TASK STATEMENT: Please reproduce the lines of the records below from the one holding "chicken, gluten free" through the one holding "正确需求是将 h1 标签更改为蓝色", inclusive, skipping all pictures.

SUPPLIED MATERIAL:
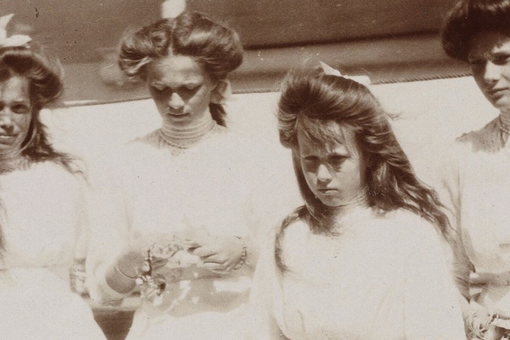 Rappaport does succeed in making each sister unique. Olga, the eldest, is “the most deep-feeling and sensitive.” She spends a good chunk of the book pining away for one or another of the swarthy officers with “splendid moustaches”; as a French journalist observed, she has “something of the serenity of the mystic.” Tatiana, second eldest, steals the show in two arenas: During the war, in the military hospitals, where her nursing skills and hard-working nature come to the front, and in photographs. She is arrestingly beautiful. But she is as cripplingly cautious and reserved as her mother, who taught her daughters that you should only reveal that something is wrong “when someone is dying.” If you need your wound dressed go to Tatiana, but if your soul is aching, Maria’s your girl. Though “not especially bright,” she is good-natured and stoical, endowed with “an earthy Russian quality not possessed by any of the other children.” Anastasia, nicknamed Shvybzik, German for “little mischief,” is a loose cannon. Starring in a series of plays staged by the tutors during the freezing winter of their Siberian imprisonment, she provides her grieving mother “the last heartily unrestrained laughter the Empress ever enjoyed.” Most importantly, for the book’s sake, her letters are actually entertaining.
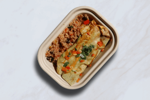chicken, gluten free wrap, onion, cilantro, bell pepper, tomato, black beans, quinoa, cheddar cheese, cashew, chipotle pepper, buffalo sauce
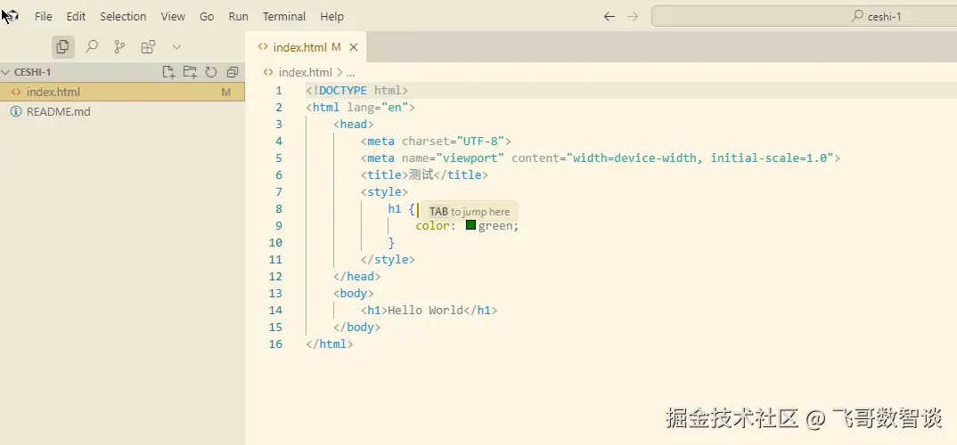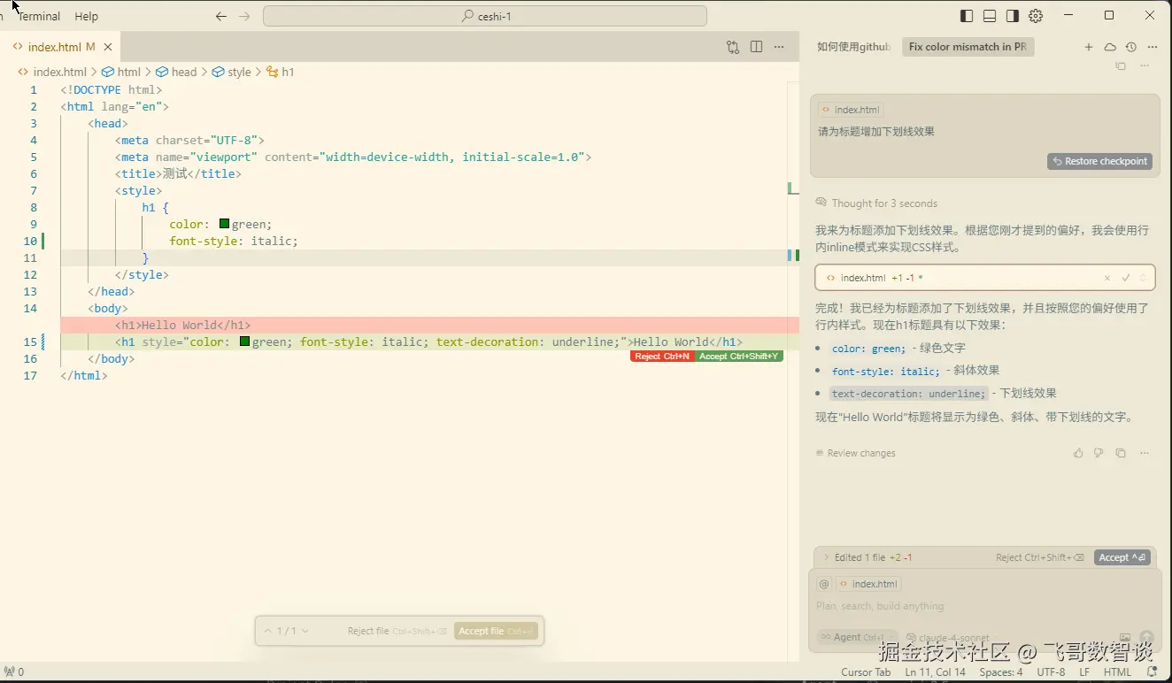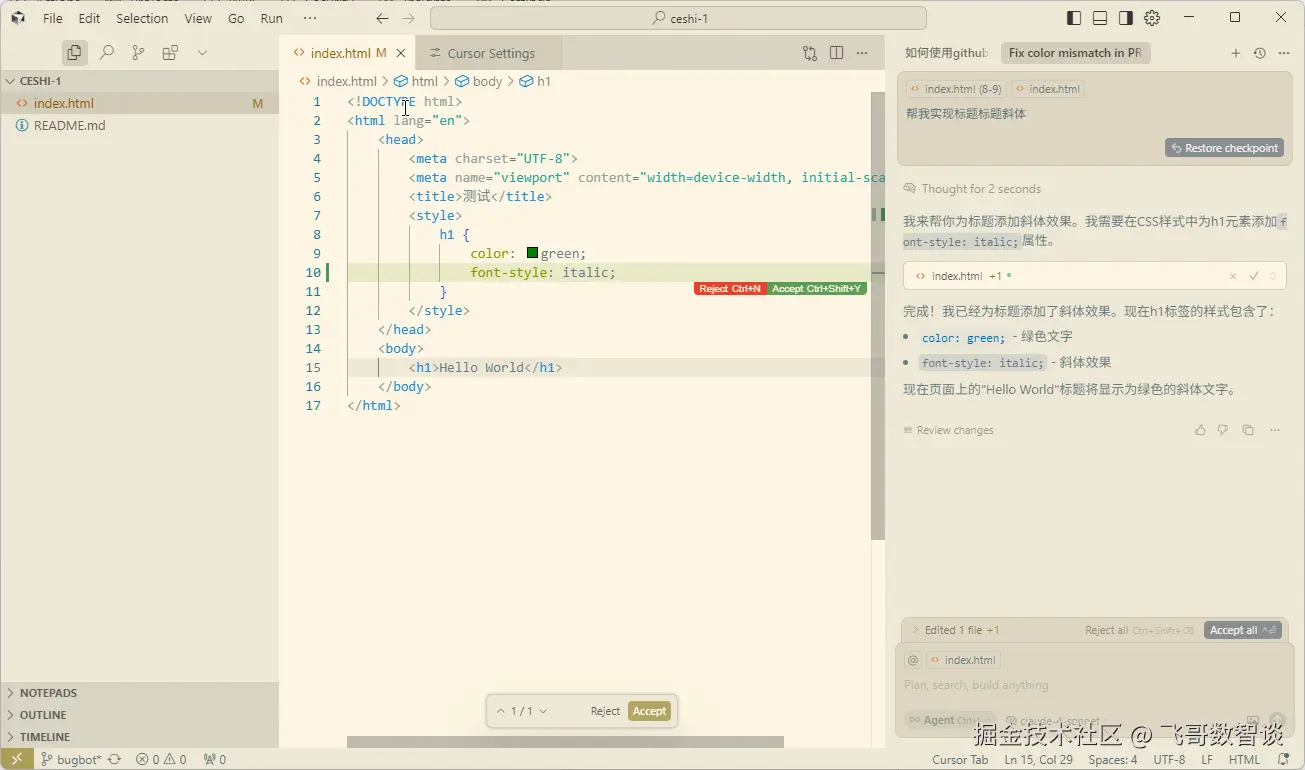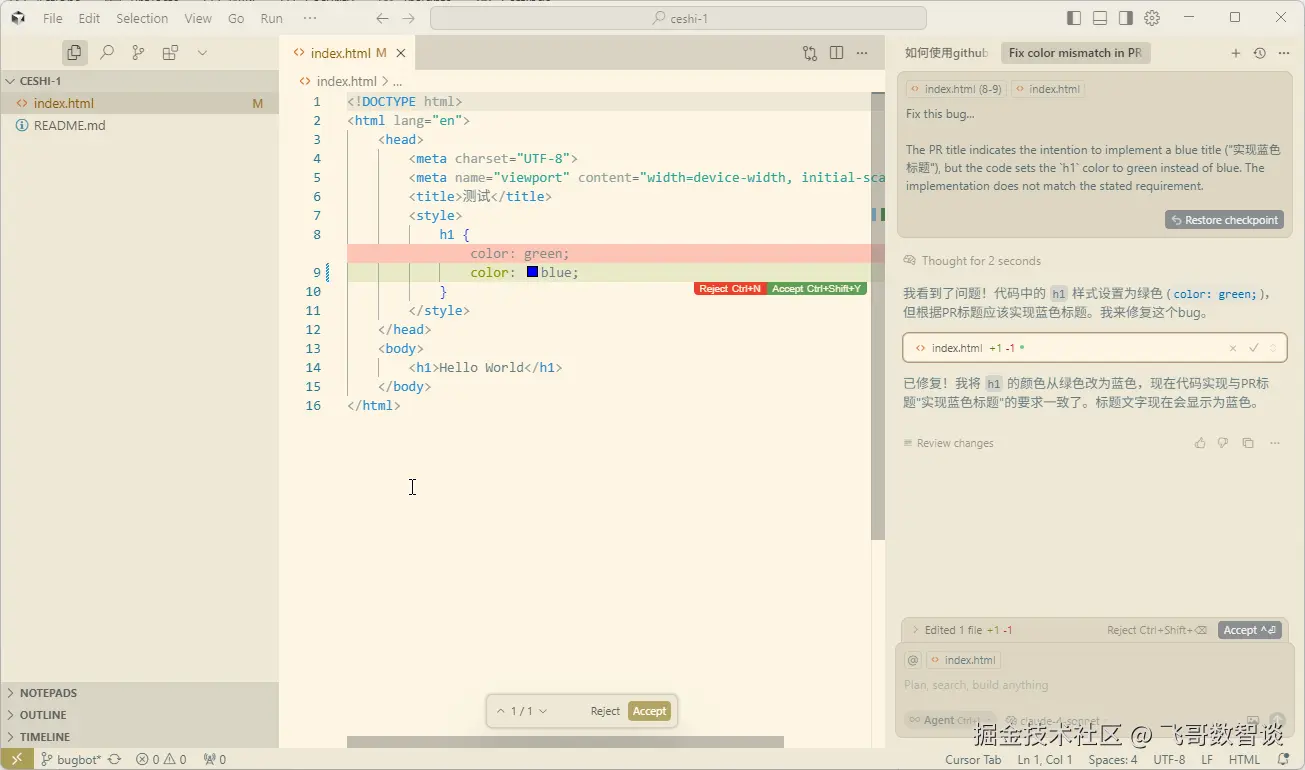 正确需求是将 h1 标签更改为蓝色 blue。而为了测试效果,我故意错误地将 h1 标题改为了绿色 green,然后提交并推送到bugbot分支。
...
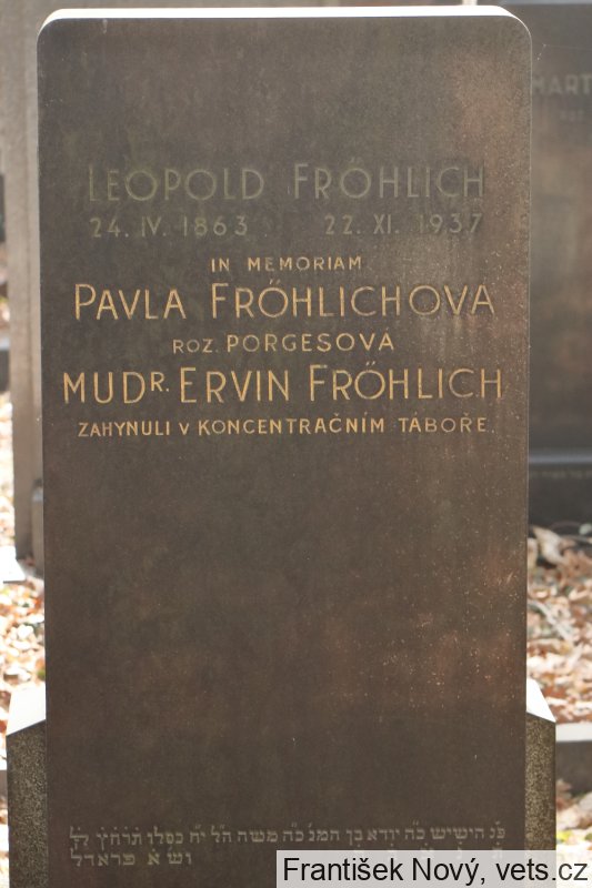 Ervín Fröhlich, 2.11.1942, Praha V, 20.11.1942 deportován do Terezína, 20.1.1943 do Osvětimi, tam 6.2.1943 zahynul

TASK RESPONSE:
chicken, gluten free wrap, onion, cilantro, bell pepper, tomato, black beans, quinoa, cheddar cheese, cashew, chipotle pepper, buffalo sauce
 正确需求是将 h1 标签更改为蓝色 blue。而为了测试效果,我故意错误地将 h1 标题改为了绿色 green,然后提交并推送到bugbot分支。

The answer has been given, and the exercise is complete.